Essential Duties and Responsibilities:
  1. Ensure that the global QMS is maintained to comply with the most current applicable FDA, ISO and other international regulations.  Provide training to relevant personnel as required.
  2. Lead, manage and develop a staff of Managers and Supervisors, which may include Specialists and Coordinators.
  3. Develop, implement and manage an integrated global risk management program.
  4. Coordinate and lead external regulatory inspections.
  5. Coordinate and support all QMS Management Review activities.
  6. Manage the product complaint process, adverse event reporting and related systems.
  7. Manage the NCR/CAPA process and related systems.
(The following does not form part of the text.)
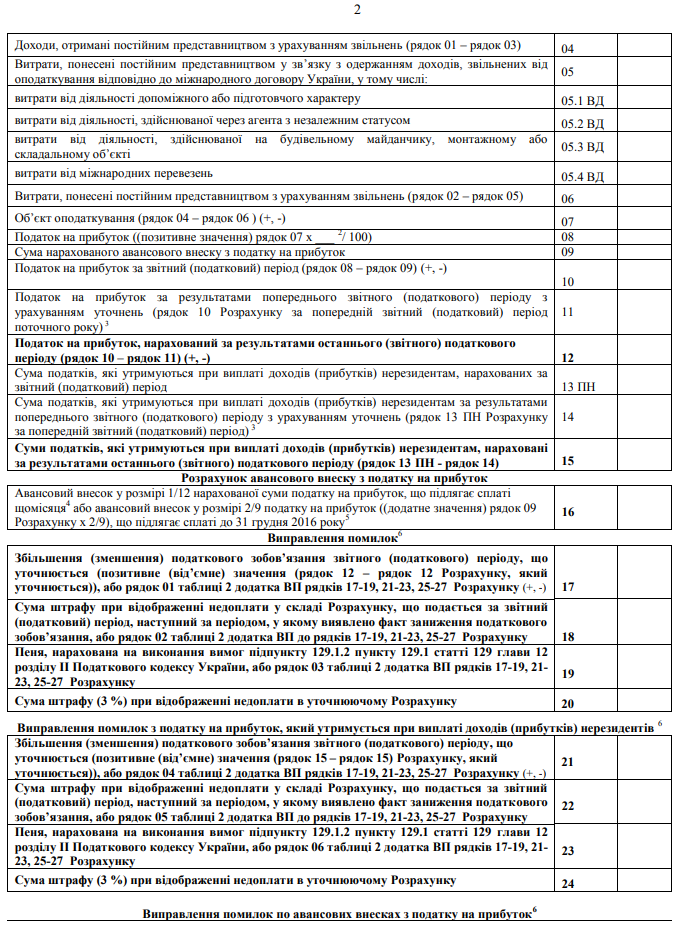 "Розрахунок податку на прибуток постійного представництва нерезидента" зразок

  8. Coordinate and manage the product field action process.
Education and Experience:
Bachelor’s degree required, preferably in an Engineering or Science discipline.  Minimum of ten years related experience required in a medical device or similar regulated environment, with a minimum of five years of related quality management experience.
Knowledge and Skill Requirements/Specialized Courses and/or Training:
  • Must have a strong CAPA background
  • Strong working knowledge of FDA Quality System Regulation, ISO 13485 and applicable international regulations. 
  • Meets deadlines consistently.
  • Strong problem-solving skills, initiative and motivation for improvements.
  • Good project management skills.
  • Strict attention to detail.
  • Excellent communication skills are essential. 
    Machine, Tools, and/or Equipment Skills:
    Proficiency in the use of PC and programs, particularly Excel, Word (or equivalents if changed by the Company), PowerPoint, SAP or similar business software.